Between revelations about Facebook logging Android data and Mark Zuckerberg set to testify before Congress about Cambridge Analytica, Facebook had a bad month.
“Any social media platform, in time, is going to become MySpace,” said Sabretooth Advisors chief investment officer Scott Freeze in a recent MarketWatch article, “Nobody young uses Facebook.”
Things have gotten so bad some people are calling for Tom Anderson to save us. Yes, Tom the frat boy looking co-founder of Myspace that forced himself on everyone as their first “friend.”
So data mining -- or going back to the days of profiles with atrocious custom themes, auto-playing music and flash ads dominating the site.
According to Sean Percival who was Vice President of Marketing as the MySpace ship was sinking, MySpace failed because they didn’t respect their users in the chase for fast monitization.
From the Guardian: “Percival remembered an infamous ad called Punch The Monkey, which invited people to click on an animated monkey to win some kind of prize – but which usually linked through to surveys and requirements to sign up for credit cards or other services to qualify for the prize.
“It was one of the most annoying things you could do with an ad, but they just didn’t care: they had no respect for the users. It was all about monetization. Making money, squeezing every dollar out of it,” said Percival.

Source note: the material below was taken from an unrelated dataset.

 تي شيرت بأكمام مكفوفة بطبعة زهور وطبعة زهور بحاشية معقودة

“And think about Facebook, the ultimate winner here. No focus on monetization early on. Very few ads. And when they do ads, they actually do very nice ads. They do more native, more inline advertising, things that feel a little more natural. Not Punch The Monkey.”
Facebook won’t let you run Punch the Monkey type ads, but nothing stops email marketers from blasting irrelevant content to their entire list on a daily basis. Anyone that markets on social media knows if your ads aren’t relevant, Facebook charges you huge amounts to run them.

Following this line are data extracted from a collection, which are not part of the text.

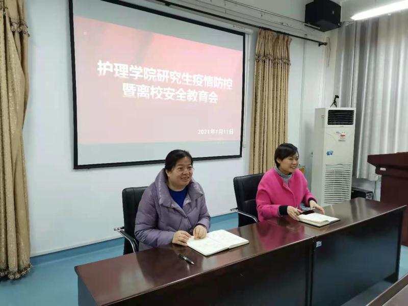 为进一步落实自治区有关疫情防控工作会议精神及学校相关文件精神,从严落实好各项防控措施及寒假期间研究生安全稳定工作,护理学院于1月11日上午在润德楼学术报告厅开展研究生疫情防控暨离校安全教育会。学院党委副书记耿瑶、副院长李兆君、辅导员及全体在校研究生参加会议,校外研究生以钉钉群直播形式参加大会。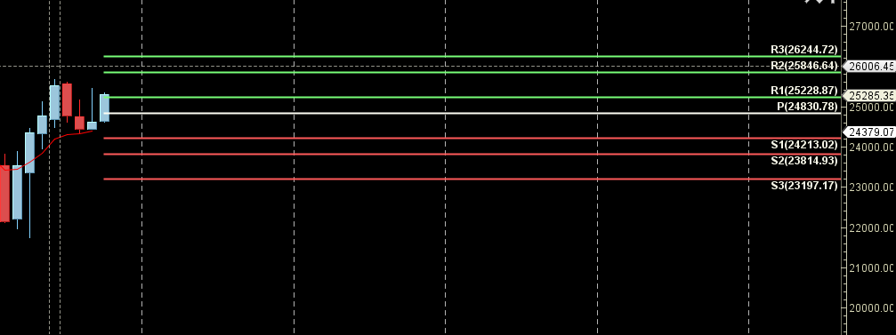 25400 is Monthly resistance zone 25018 is Monthly Support zone.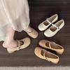 Retro flat-soled single shoes children's niche 2025 spring square head shallow mouth soft leather with skirt Doudou ladyshoes work tide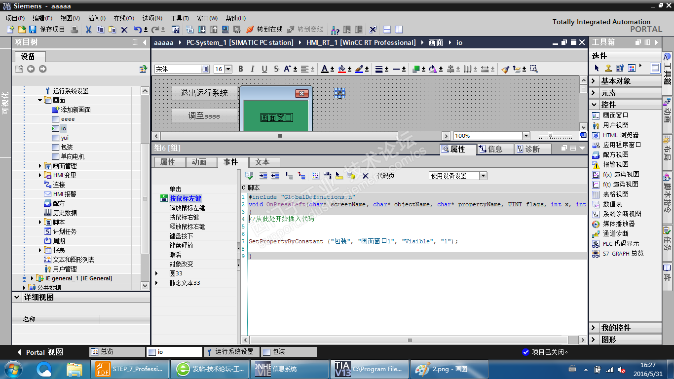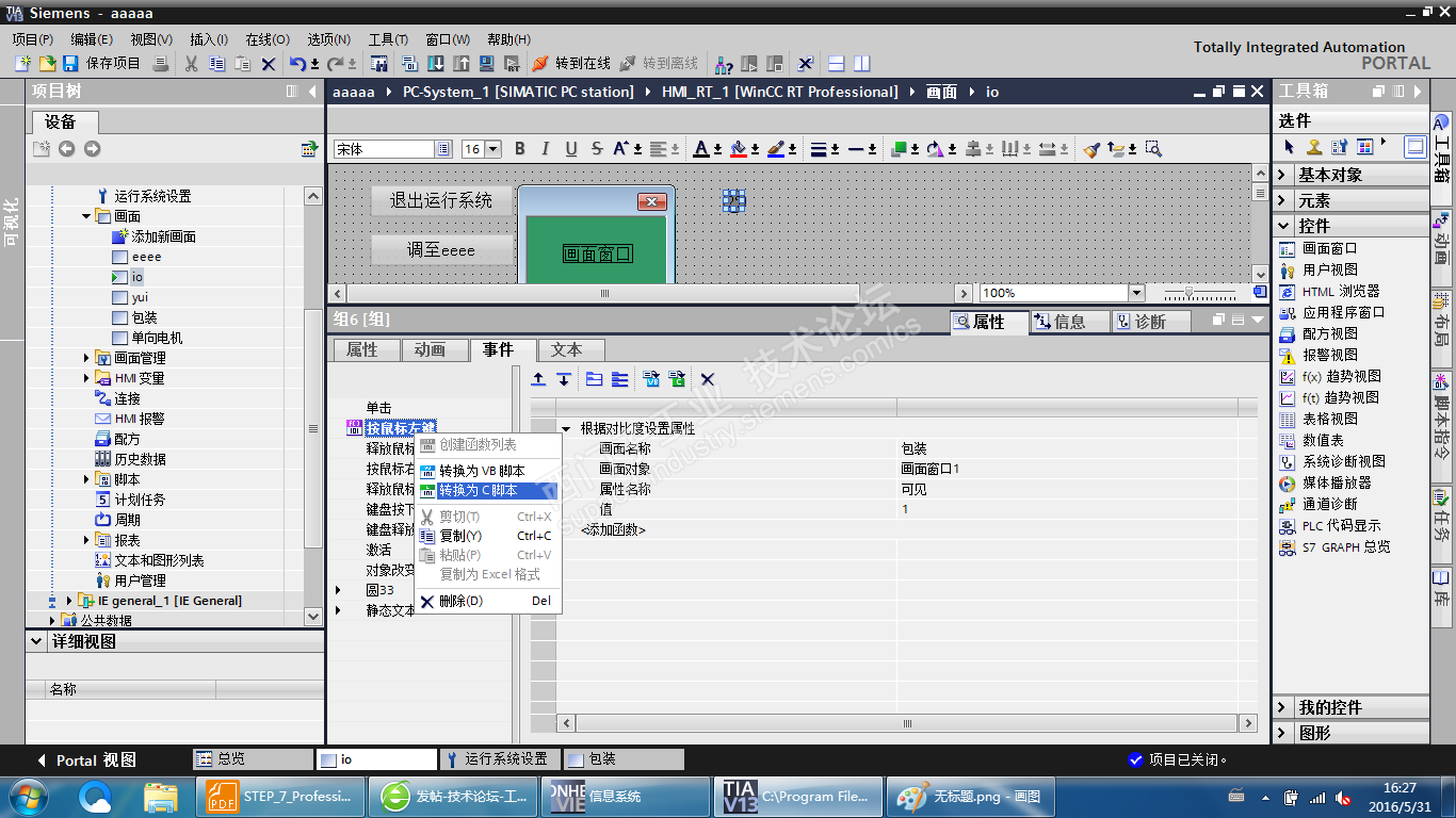 初学博图,之前上位都是wincc6.2或是7.0,现在使用博图做上位,想显示画面窗口,在按钮的“事件”,左键,选择了“根据对比图设置属性”,显示画面窗口,在运行界面正常,当我设置为转换为C语言后,就无法实现画面窗口的显示了,同时转化为代码“SetPropertyByConstant ("包装", "画面窗口1", "Visible", "1");”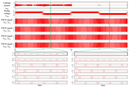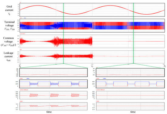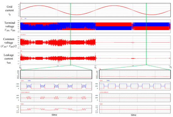 Figure 28 shows the waveforms of CM voltage and leakage current. In t0–t1, the topology H6 without the NPC cell works, and the CM voltage (VAN + VBN)/2 does not remain constant. The CM voltage includes high frequency resonant voltage in freewheeling mode, as terminals A and B are floating (VAN = VBN). The leakage current is 100 mA. In t1–t2, the topology H6 with the NPC cell works and the CM voltage (VAN + VBN)/2 always remains constant. The leakage current is reduced from 100 mA to 2 mA.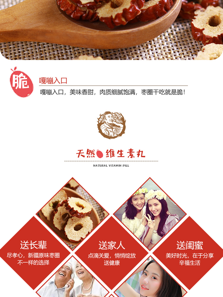 塔玛庄园枣片新疆枣圈360g免洗无核煮粥泡水香酥干吃零食泡茶新品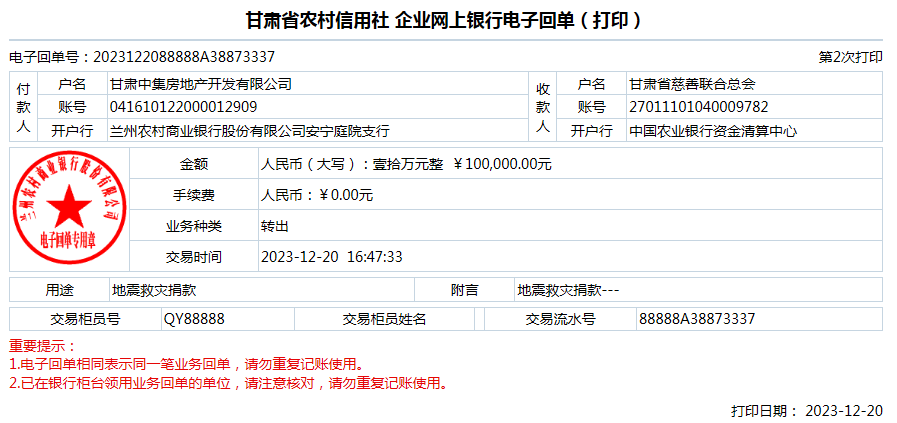 一方有難,八方支援,獲知積石山縣受災(zāi)情況,甘肅中集集團第一時間緊急響應(yīng)、迅速決策,通過甘肅省慈善聯(lián)合總會為積石山地震災(zāi)區(qū)捐款10萬元,用于積石山縣災(zāi)區(qū)緊急救援和受災(zāi)困難群眾生活保障。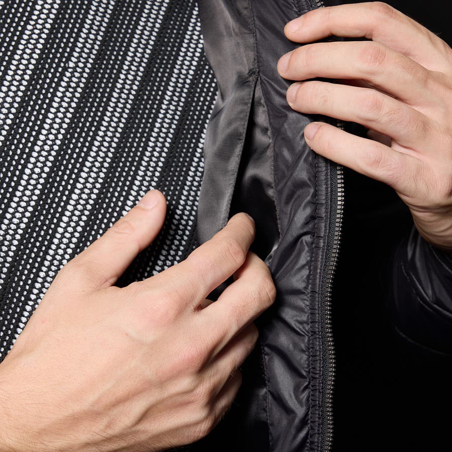 見た目よりも軽い着心地と空気を多く含む事による保温性の高さが特長です。

As your impression frequency with individual users increases, your relevance falls and your cost-per-click goes up. Its Facebook's way of protecting their user base, its their effort to not become MySpace.
While marketers are increasingly invading users privacy (Like Facebook) in an effort to gain an advantage using “creepy AI,” to do things like predict their co-workers personalities so they can write better emails. They neglect simple advantages that can be gained by using technology to better serve and respect their audience by segmenting email lists by interest/engagement level.
Run quality ads, show them to people who are interested, don’t show them so often they are obnoxious, and realize the “obnoxious threshold” varies a great deal depending on the person and where they are in the buyer's journey.
So why has it been so hard for email marketers to learn this lesson? Because the incentives aren’t aligned. It’s easy and cheap to hit send on your entire list and unlike Facebook that charges you more to spam your audience, the consequences to email marketers are delayed.
Unfortunately, humans are terrible at calculating when costs or rewards are delayed, but signs of a squandered email list equity eventually show up as reduced inboxing rates, deliverability issues, spam complaints and lowered email ROI.
Yes, you may get a few more opens on this email by blasting your whole list with your latest update, but it will cost you down the road, and before you know it your email list will be less responsive than Tom’s fake MySpace friends.
So which kind of marketer are you? Are you still playing Punch the Monkey?